Naturally, the important question remains: does binding of these cannabinoid acids decrease or even prevent infection by SARS-CoV-2? To answer this, viral infection assays were carried out by incubating the live virus with either CBGA, CBDA, or DMSO as a negative control before infecting mammalian cells. Because THCA-A is considered a controlled substance, it could not be obtained in high enough quantities for the assays. At 24 hours post-infection, the cells were stained with a dye that binds specifically to viral RNA to visualize the amount of viral RNA in the cells (Figure 2). This revealed a large decrease in viral RNA between the negative control cells and the cells with virus particles that were incubated with CBGA and CBDA, supporting that the cannabinoid acids prevent infection by the SARS-CoV-2 virus. To quantify the IC50, or the concentration of ligand required to inhibit 50% of the virus activity, focus forming assays were performed in which the virus is incubated with different concentrations of CBGA and CBDA before cell infection. The number of infected cells is then quantified through binding of an antibody with specificity to the SARS-CoV-2 virus, leading to a change in fluorescence depending on the concentration of virus present (Figure 3). Most significantly, this assay shows that CBGA and CBDA have similar inhibitory effects against the original, alpha, and beta variants of SARS-CoV-2. Because the virus mutates rapidly, this is very encouraging, as the cannabinoids could be used as a line of defense for multiple variants and may be effective against future variants as well.

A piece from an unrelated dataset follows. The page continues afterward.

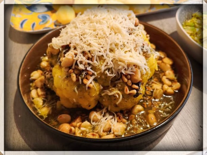 - 1 grote bloemkool (op zijn geheel ontdaan van de bladeren)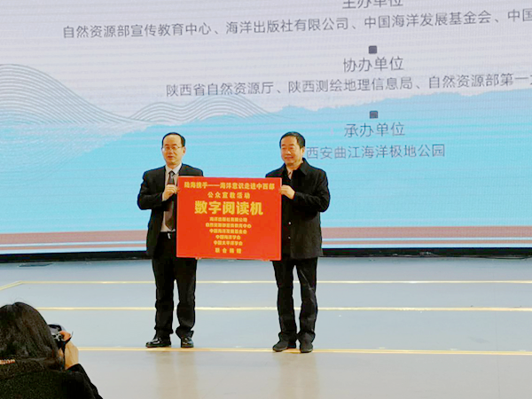 启动仪式上,活动主办方分别向陕西向照金北梁红军小学、西安建筑科技大学附属中学、荣耀体育最新官方等学校捐建了海洋图书阅读角、海洋图书馆、数字海洋阅读机,向曲江海洋极地公园捐赠了VR海洋科普体验机。

Ultimately, the authors show that both CBGA and CBDA could act as potent inhibitors of SARS-CoV-2 infection. While they note that the IC50s of the cannabinoids are high, they propose that it is still potentially clinically achievable, suggesting that paired with other defenses such as vaccination, these cannabinoids are a great opportunity for continued treatment of SARS-CoV-2.

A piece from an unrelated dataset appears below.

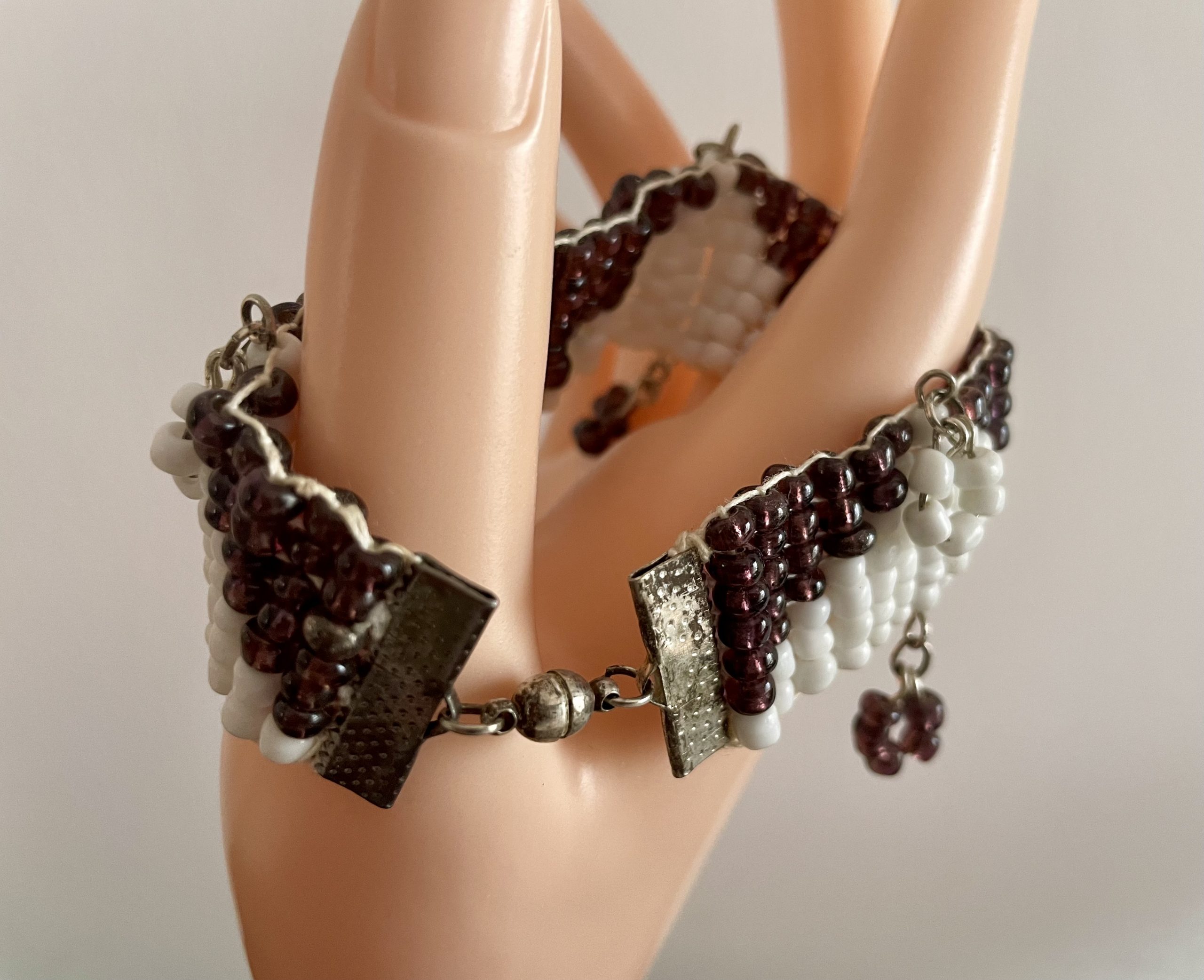 Dieses elegante „Tag und Nacht“ Armband ist ein echter Hingucker, im Dreieckmuster erarbeitet, mit kleinen seitlichen Anhängern.

(1) Newman, D. J.; Cragg, G. M. Natural Products as Sources of New Drugs over the Nearly Four Decades from 01/1981 to 09/2019. J. Nat. Prod. 2020, 83 (3), 770–803.
(2) Bérdy, J. Thoughts and facts about antibiotics: Where we are now and where we are heading. J. Antibiot. 2012. 65, 385–395.
(3) Boopathi, S.; Poma, A. B.; Kolandaivel, P. Novel 2019 coronavirus structure, mechanism of action, antiviral drug promises and rule out against its treatment. J. Biomol. Struct. Dyn. 2020. 39 (9), 3409-3418.
(4) van Breemen, R. B.; Muchiri, R. N.; Bates, T. A.; Weinstein, J. B.; Leier, H. C.; Farley, S.; Tafesse, F. G. Cannabinoids Block Cellular Entry of SARS-CoV-2 and the Emerging Variants. J. Nat. Prod. 2022. 85 (1), 176-184.